**Exercise requirements:** Only the lines from the one bearing "Tampon, arka, Bağlantı ayağı > Kırılmış" through the end of the listing belong in your response, restated word for word and without pictures.

**Information supplied:**
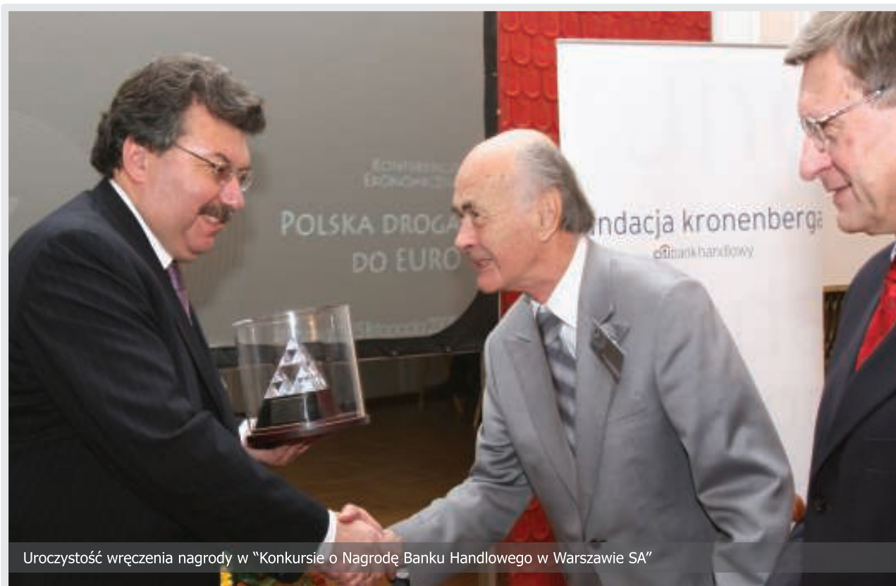
Uroczystość wręczenia nagrody w "Konkursie o Nagrodę Banku Handlowego w Warszawie SA"
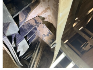
Tampon, arka, Bağlantı ayağı > Kırılmış
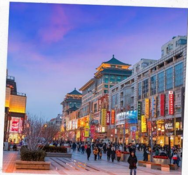
ช้อปปิ้งถนนปักกิ่ง

**Output below:**
Tampon, arka, Bağlantı ayağı > Kırılmış
ช้อปปิ้งถนนปักกิ่ง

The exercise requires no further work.